┏━━

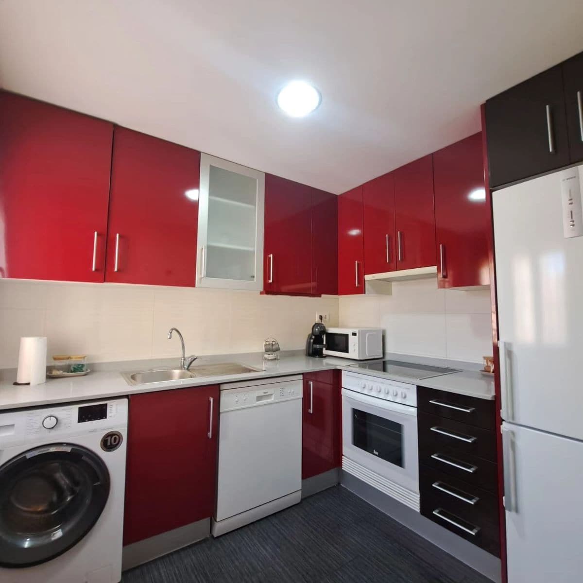 Appartement met twee slaapkamers, één met twee eenpersoonsbedden en de andere met een tweepersoonsbed. Het bevindt zich op de tweede verdieping. Het heeft een aparte badkamer, keuken - woonkamer - eetkamer. De totale capaciteit van deze plek is voor drie personen. De keuken is volledig uitgerust (koffiezetapparaat, magnetron, koelkast met vriezer, wasmachine, kookgerei, bestek, servies, schoonmaakmiddelen). De badkamer heeft daarentegen ook toiletpapier, handzeep en gel/shampoo. De bedden zijn voorzien van een kussen, lakens, deken en colcha. Daarnaast is er een extra potje mantas. Handdoeken zijn ook inbegrepen. PRIJS VOOR ÉÉN PERSOON: er is slechts één kamer beschikbaar.
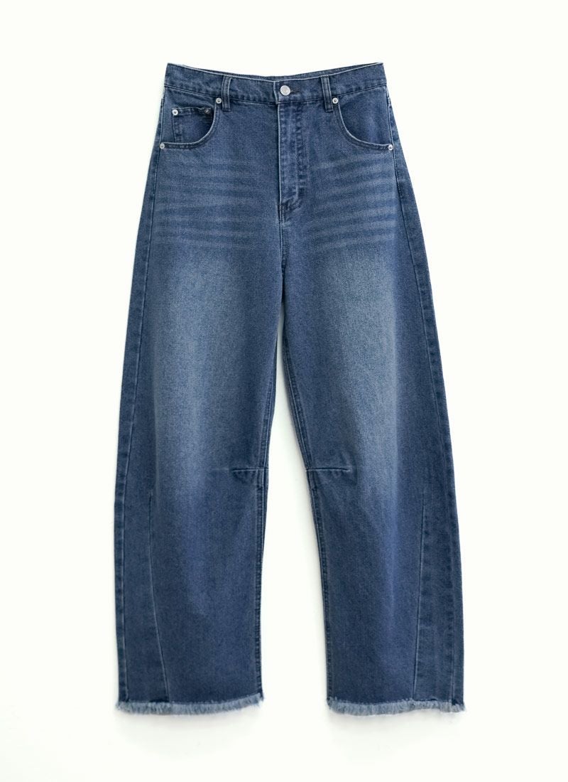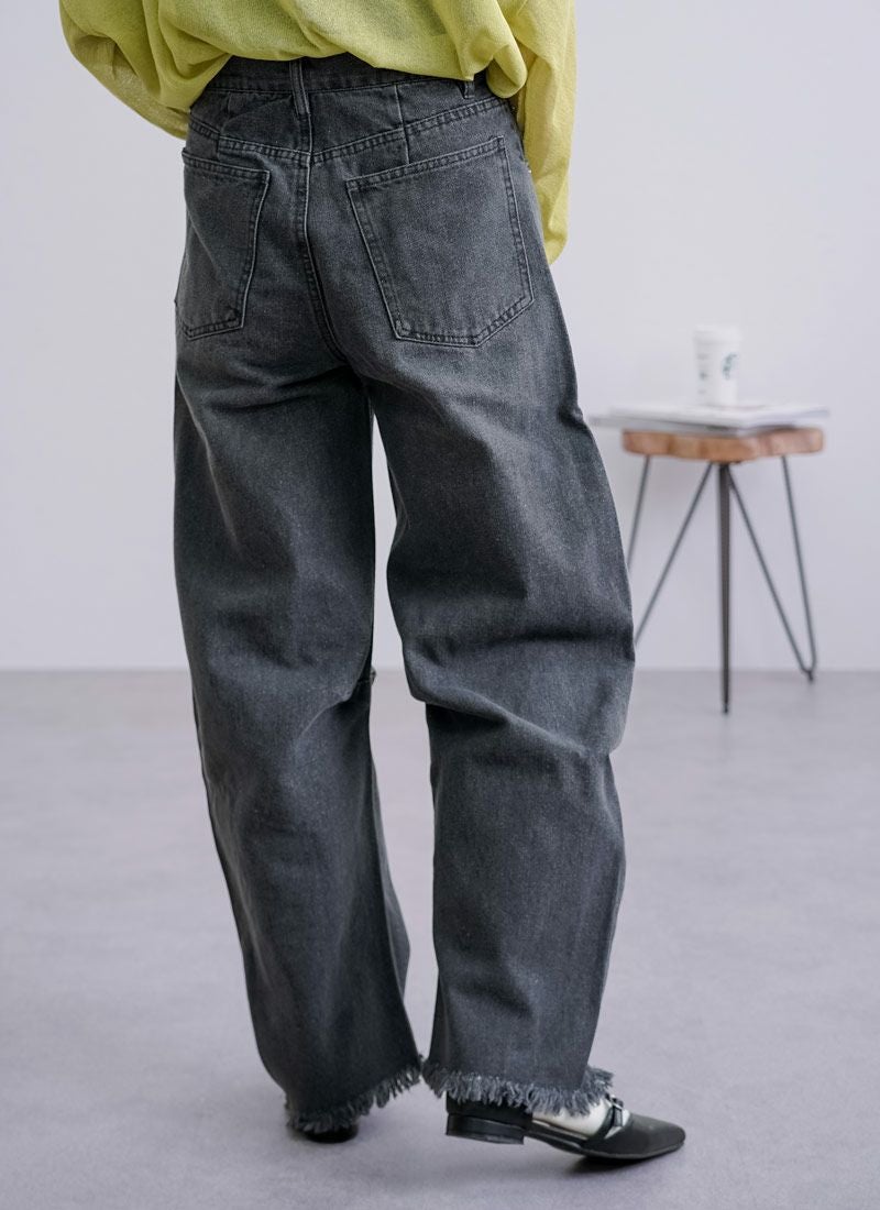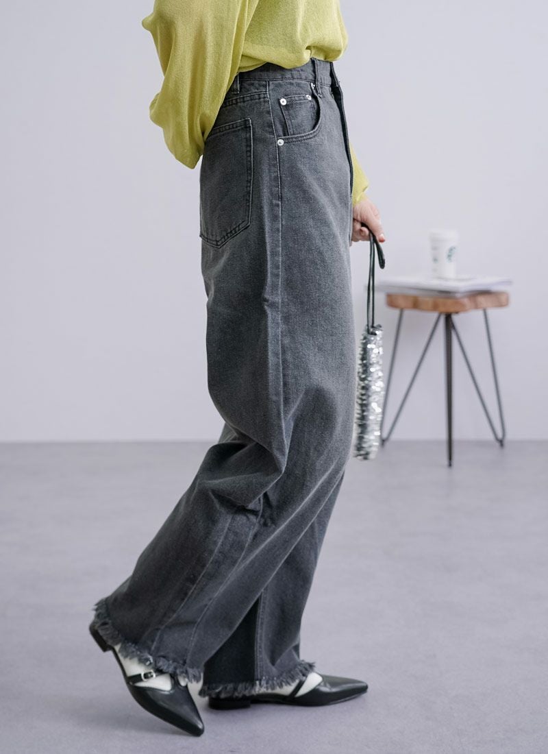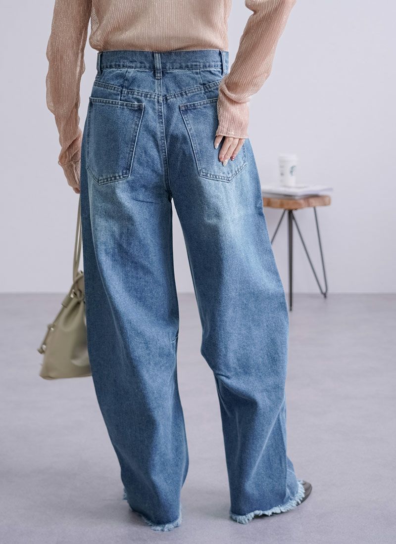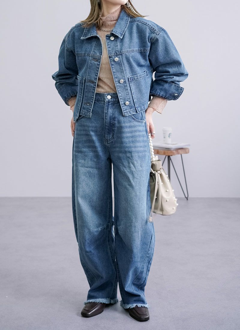 revoam【抜け感と女らしさを叶えるカーブデニム。ゆるっと感と絶妙シルエットで、大人のデニムコーデを格上げ】 【10%OFF】裾フリンジデニムカーブパンツ
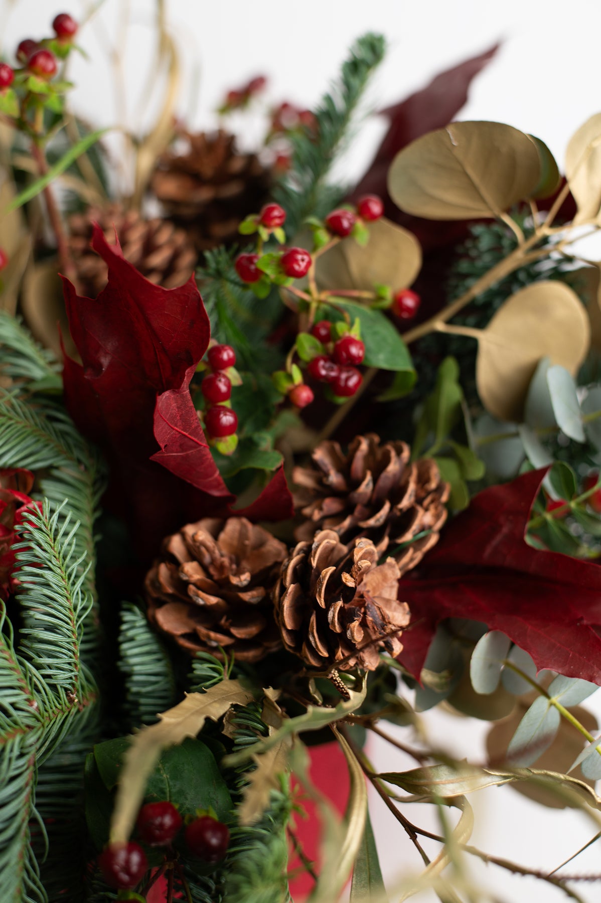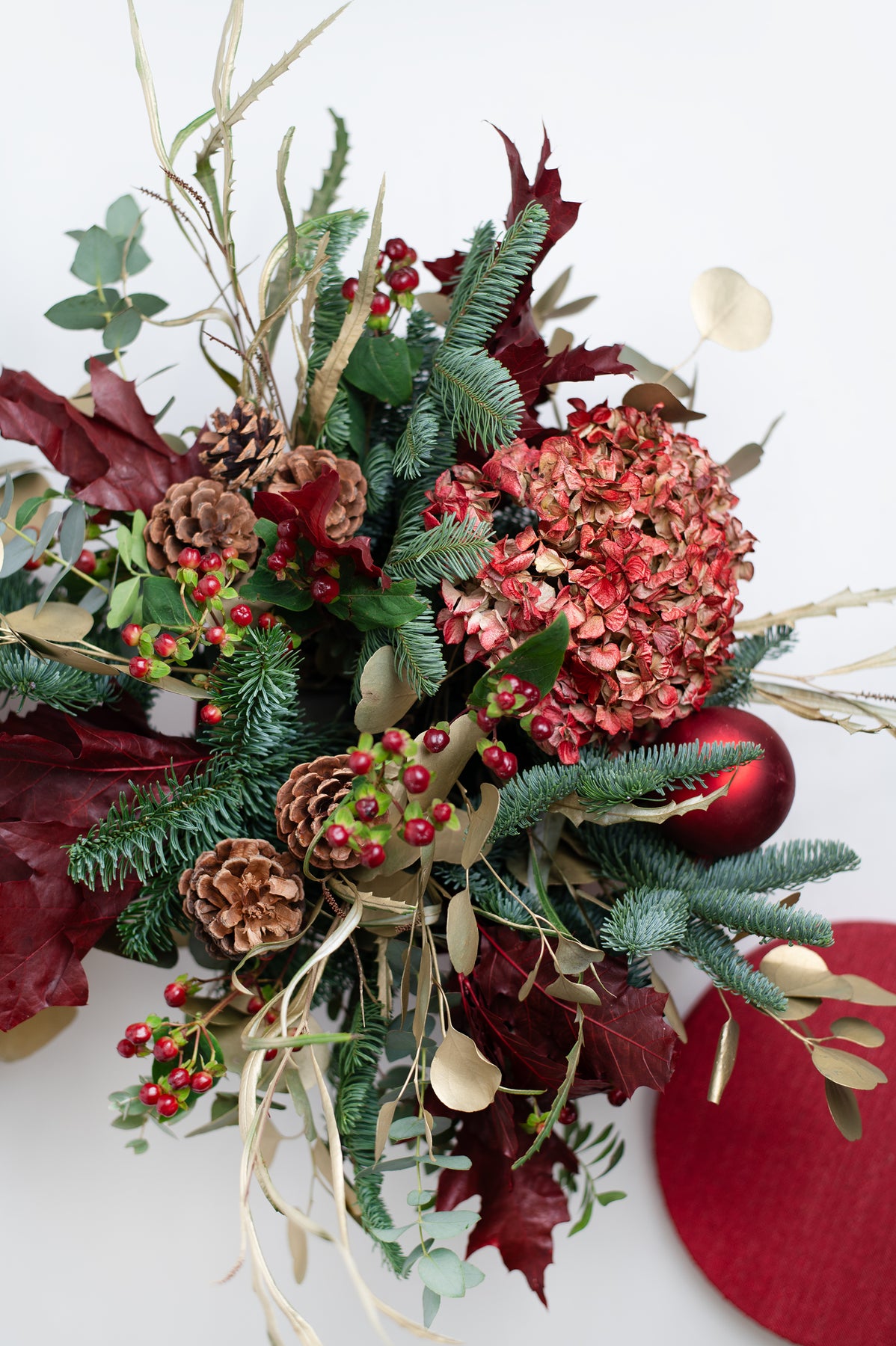 Herbsthortensie | grüne Sorte | Tanne | roter Ahorn | goldener Eukalyptus | rote Kugeln | 3 Stiele rotes Johanniskraut | 6 rote Tannenzapfen

┗━━

- _Task prompt_
What the answer must hold is the exact text of every line from the one containing "revoam【抜け感と女らし" through the end of the data, minus any pictures.

- _Exercise solution_
 revoam【抜け感と女らしさを叶えるカーブデニム。ゆるっと感と絶妙シルエットで、大人のデニムコーデを格上げ】 【10%OFF】裾フリンジデニムカーブパンツ
 Herbsthortensie | grüne Sorte | Tanne | roter Ahorn | goldener Eukalyptus | rote Kugeln | 3 Stiele rotes Johanniskraut | 6 rote Tannenzapfen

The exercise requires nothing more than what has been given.